Would you retype the whole listing exactly, leaving its pictures out?

════════════════

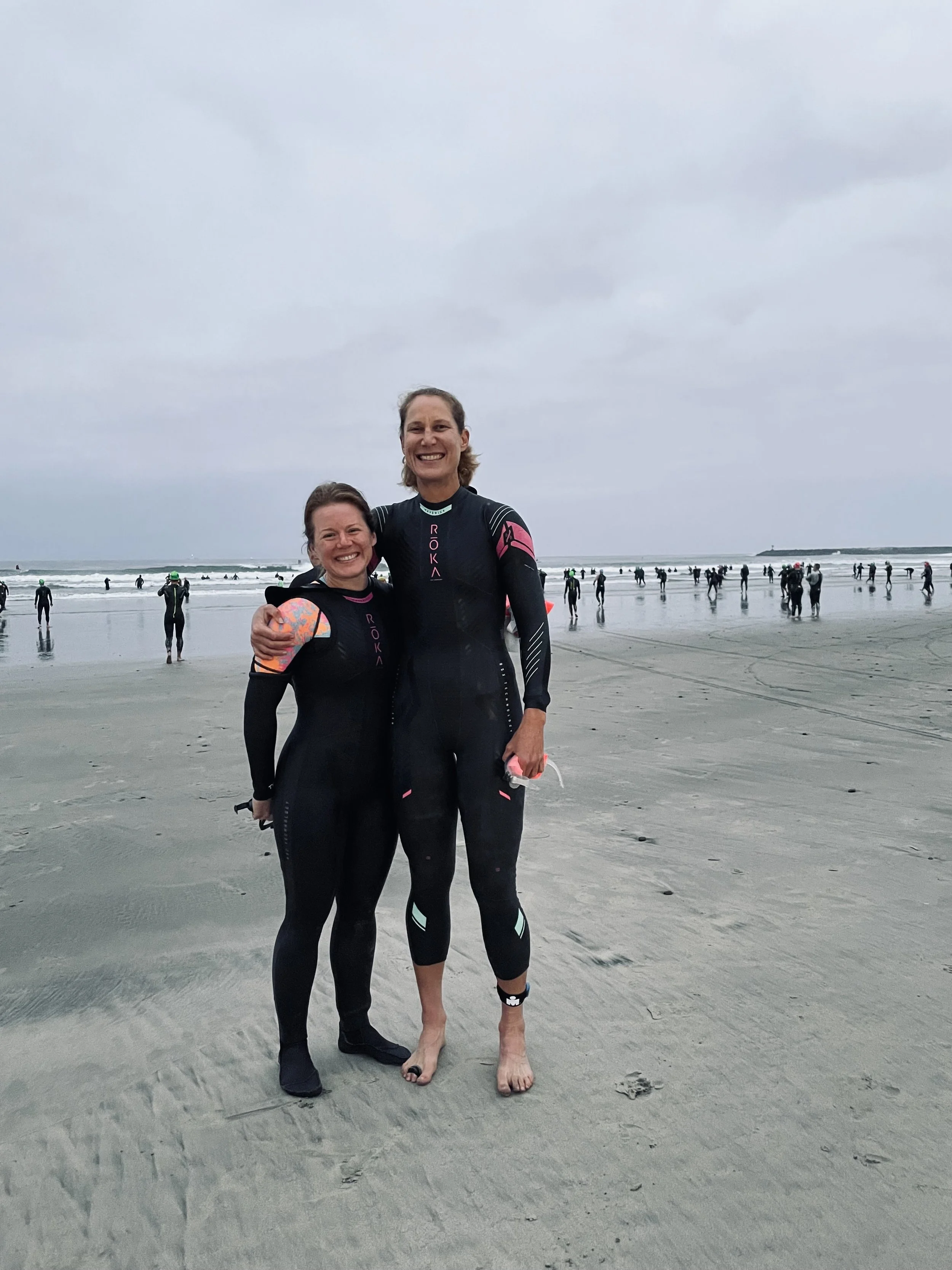 Just before hopping in the Pacific on race morning with my friend and teammate Jen Sykes. Photo credit: Jen's wonderful BF, Joe.
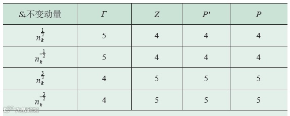 表3 AgNaO价带在S4本征值中的占据数,其中nkjz 中jz = 1/2,- 1/2, 3/2, - 3/2用来标记S4本征值, exp(-ijzπ/2) 。Γ=(0,0,0),Z=(0,0,1),P' =(0,1,-1/2),P=(0,1,1/2),为4 个S4不变动量的坐标(在惯用元胞对应的倒空间基矢下)
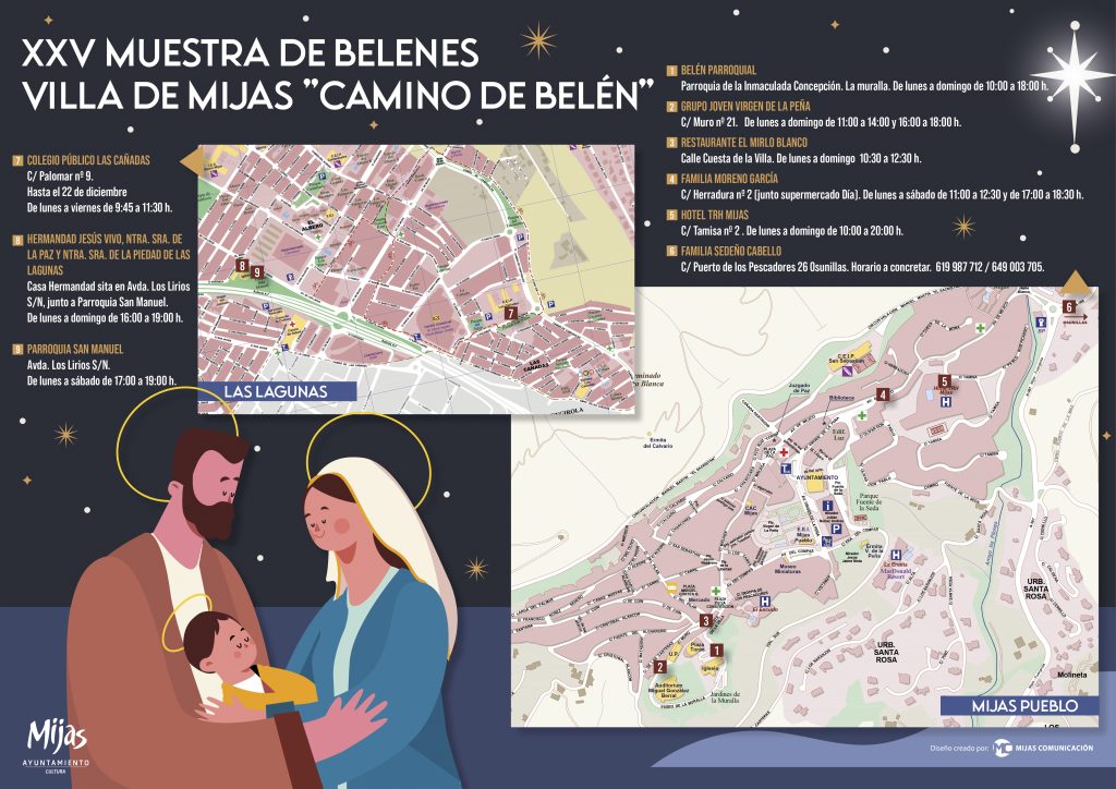 En esta edición se han inscrito nueve participantes en las diferentes categorías dispuestas: Asociaciones, peñas y hermandades; colegios y familiares. Pueden encontrar tres en el núcleo de Las Lagunas y seis en Mijas Pueblo. Además de éstos, en La Cala se puede visitar también el Belén de la parroquia de Santa Teresa.
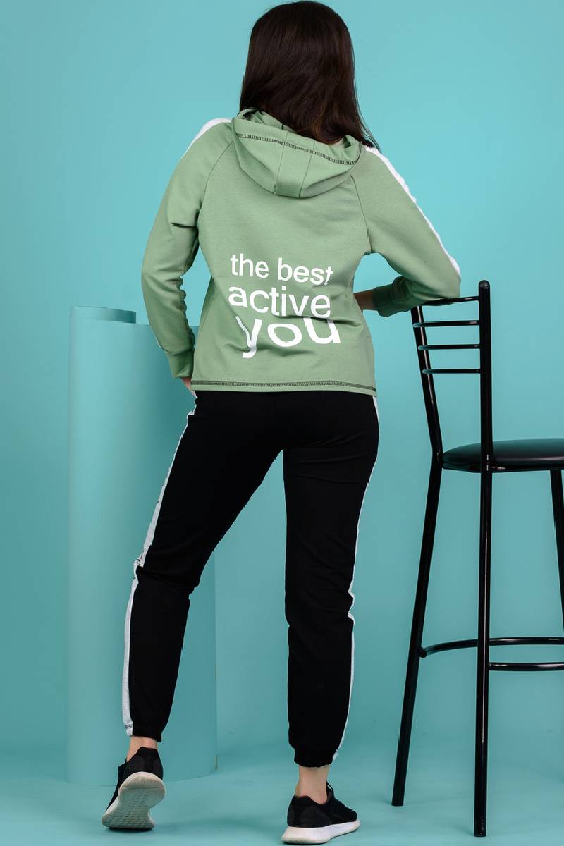 Представляем Вашему вниманию стильный женский костюм двойку, который состоит из толстовки и брюк. Брюки на поясе, с боковыми карманами, с лампасами из отделочного полотна по боковым швам, на резинке по низу. Толстовка прямая, на молнии, с капюшоном, с карманами "кенгуру", длиной до середины бедра. Рукав реглан, длинный, с лампасами из отделочного полотна вдоль рукава, на манжете.
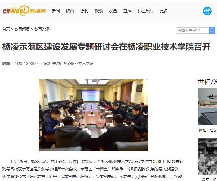 12月25日,杨凌示范区党工委副书记刘天雄带队,到杨凌职业技术学院听取学校有关部门和科教专家对筹备杨凌示范区建设领导小组第十次会议、示范区“十四五”和今后一个时期建设发展的意见及建议。杨凌职业技术学院党委书记陈宁,党委副书记任得元,党委副书记、纪委书记刘粉莲,副校长张迪、祝战斌,党政办公室、教务处、产教融合处、科技与教育研究处、各分院负责人及相关教师代表参加了研讨会。
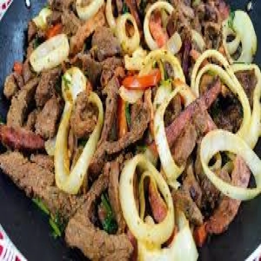 Bife suculento, Cebola, Arroz, Vinagrete, Mandioca

════════════════

**Result of the task:**
 Just before hopping in the Pacific on race morning with my friend and teammate Jen Sykes. Photo credit: Jen's wonderful BF, Joe.
 表3 AgNaO价带在S4本征值中的占据数,其中nkjz 中jz = 1/2,- 1/2, 3/2, - 3/2用来标记S4本征值, exp(-ijzπ/2) 。Γ=(0,0,0),Z=(0,0,1),P' =(0,1,-1/2),P=(0,1,1/2),为4 个S4不变动量的坐标(在惯用元胞对应的倒空间基矢下)
 En esta edición se han inscrito nueve participantes en las diferentes categorías dispuestas: Asociaciones, peñas y hermandades; colegios y familiares. Pueden encontrar tres en el núcleo de Las Lagunas y seis en Mijas Pueblo. Además de éstos, en La Cala se puede visitar también el Belén de la parroquia de Santa Teresa.
 Представляем Вашему вниманию стильный женский костюм двойку, который состоит из толстовки и брюк. Брюки на поясе, с боковыми карманами, с лампасами из отделочного полотна по боковым швам, на резинке по низу. Толстовка прямая, на молнии, с капюшоном, с карманами "кенгуру", длиной до середины бедра. Рукав реглан, длинный, с лампасами из отделочного полотна вдоль рукава, на манжете.
 12月25日,杨凌示范区党工委副书记刘天雄带队,到杨凌职业技术学院听取学校有关部门和科教专家对筹备杨凌示范区建设领导小组第十次会议、示范区“十四五”和今后一个时期建设发展的意见及建议。杨凌职业技术学院党委书记陈宁,党委副书记任得元,党委副书记、纪委书记刘粉莲,副校长张迪、祝战斌,党政办公室、教务处、产教融合处、科技与教育研究处、各分院负责人及相关教师代表参加了研讨会。
 Bife suculento, Cebola, Arroz, Vinagrete, Mandioca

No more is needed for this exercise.